[EXERCISE PROMPT] Given the entries below, would you transcribe exactly the lines starting at the one with "横浜フューチャーズのユニフォーム" and ending at the one with "พิชิต 3 ยอดเขาคิง", both kept, pictures omitted, nothing extra?

[ENTRIES PROVIDED]
────

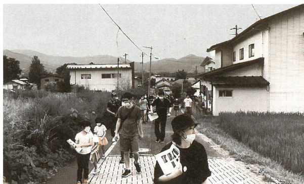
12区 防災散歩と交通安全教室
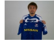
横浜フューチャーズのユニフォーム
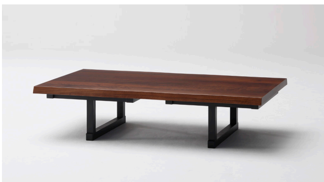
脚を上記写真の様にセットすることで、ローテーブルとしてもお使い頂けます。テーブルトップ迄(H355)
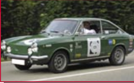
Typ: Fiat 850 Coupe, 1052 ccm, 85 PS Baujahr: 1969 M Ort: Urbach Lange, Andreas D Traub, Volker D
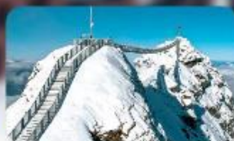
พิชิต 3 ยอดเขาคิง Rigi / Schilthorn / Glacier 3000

────

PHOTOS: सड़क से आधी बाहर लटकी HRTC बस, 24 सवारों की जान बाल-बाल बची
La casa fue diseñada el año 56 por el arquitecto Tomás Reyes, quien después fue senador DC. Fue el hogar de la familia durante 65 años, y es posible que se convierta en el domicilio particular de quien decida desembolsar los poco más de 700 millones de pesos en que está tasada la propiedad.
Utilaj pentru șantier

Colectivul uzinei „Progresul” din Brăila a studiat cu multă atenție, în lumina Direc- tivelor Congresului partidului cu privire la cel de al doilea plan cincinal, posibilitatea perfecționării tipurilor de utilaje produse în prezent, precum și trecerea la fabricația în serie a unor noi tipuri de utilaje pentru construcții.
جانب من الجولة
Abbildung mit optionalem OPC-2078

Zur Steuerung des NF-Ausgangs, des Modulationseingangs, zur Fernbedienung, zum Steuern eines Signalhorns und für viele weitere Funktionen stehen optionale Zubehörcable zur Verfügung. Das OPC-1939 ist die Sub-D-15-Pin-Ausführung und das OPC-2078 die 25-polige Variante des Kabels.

────

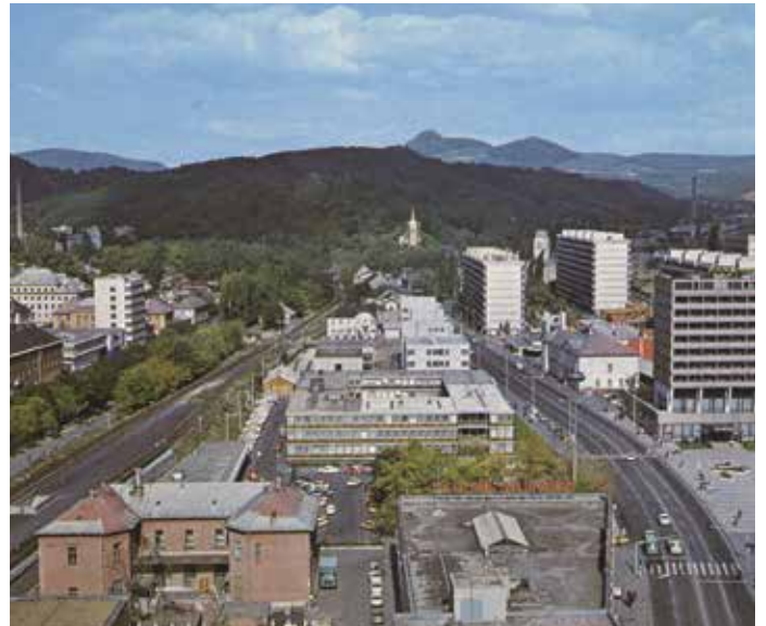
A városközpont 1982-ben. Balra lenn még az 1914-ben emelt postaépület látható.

────

[WRITTEN ANSWER]
横浜フューチャーズのユニフォーム
脚を上記写真の様にセットすることで、ローテーブルとしてもお使い頂けます。テーブルトップ迄(H355)
Typ: Fiat 850 Coupe, 1052 ccm, 85 PS Baujahr: 1969 M Ort: Urbach Lange, Andreas D Traub, Volker D
พิชิต 3 ยอดเขาคิง Rigi / Schilthorn / Glacier 3000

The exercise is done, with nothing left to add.